+++ Collected data +++

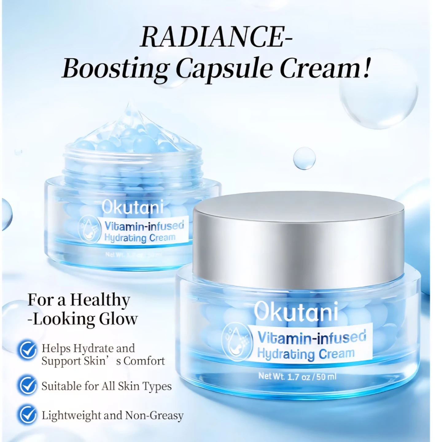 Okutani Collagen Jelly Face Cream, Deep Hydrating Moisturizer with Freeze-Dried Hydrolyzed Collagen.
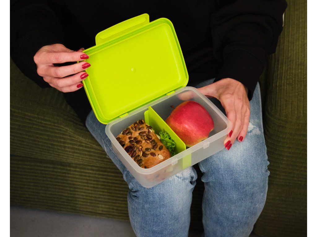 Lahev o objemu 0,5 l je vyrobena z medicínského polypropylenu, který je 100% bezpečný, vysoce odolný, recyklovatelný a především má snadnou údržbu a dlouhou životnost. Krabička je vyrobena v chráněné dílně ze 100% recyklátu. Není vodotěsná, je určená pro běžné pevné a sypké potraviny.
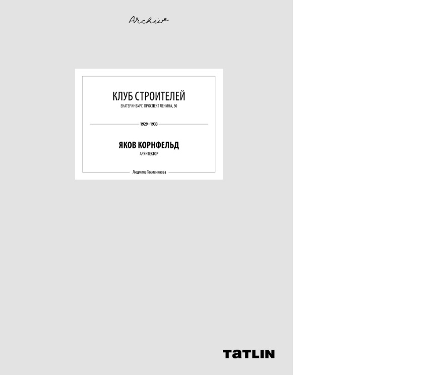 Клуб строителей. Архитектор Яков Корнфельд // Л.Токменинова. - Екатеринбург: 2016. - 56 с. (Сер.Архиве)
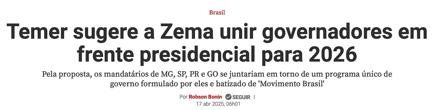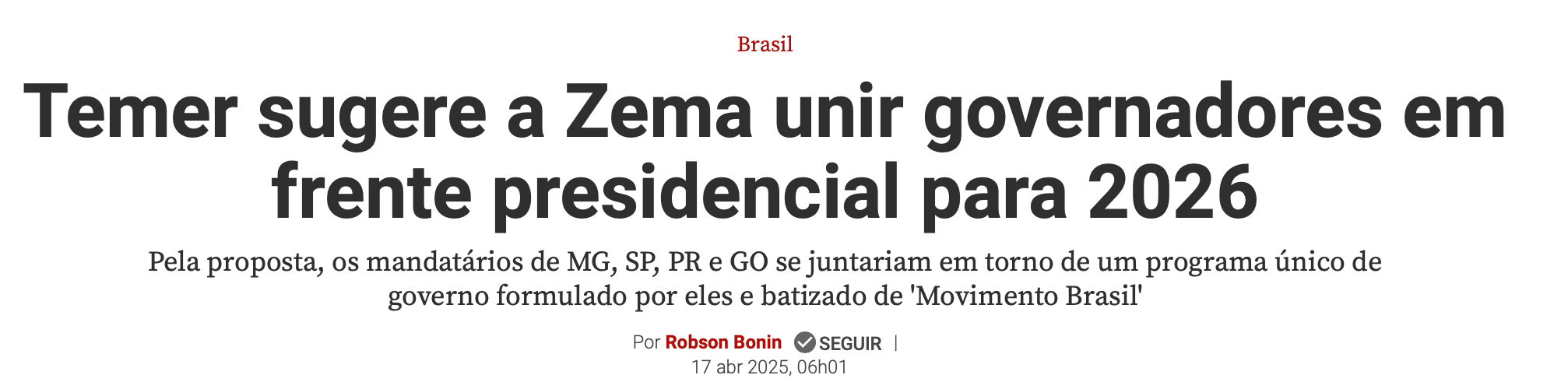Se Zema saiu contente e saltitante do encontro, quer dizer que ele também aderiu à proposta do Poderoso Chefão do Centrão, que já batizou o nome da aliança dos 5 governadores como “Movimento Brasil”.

+++

Task brief
When you write out the material again, keep every word exact and omit the pictures.

Exercise answer
 Okutani Collagen Jelly Face Cream, Deep Hydrating Moisturizer with Freeze-Dried Hydrolyzed Collagen.
 Lahev o objemu 0,5 l je vyrobena z medicínského polypropylenu, který je 100% bezpečný, vysoce odolný, recyklovatelný a především má snadnou údržbu a dlouhou životnost. Krabička je vyrobena v chráněné dílně ze 100% recyklátu. Není vodotěsná, je určená pro běžné pevné a sypké potraviny.
 Клуб строителей. Архитектор Яков Корнфельд // Л.Токменинова. - Екатеринбург: 2016. - 56 с. (Сер.Архиве)
Se Zema saiu contente e saltitante do encontro, quer dizer que ele também aderiu à proposta do Poderoso Chefão do Centrão, que já batizou o nome da aliança dos 5 governadores como “Movimento Brasil”.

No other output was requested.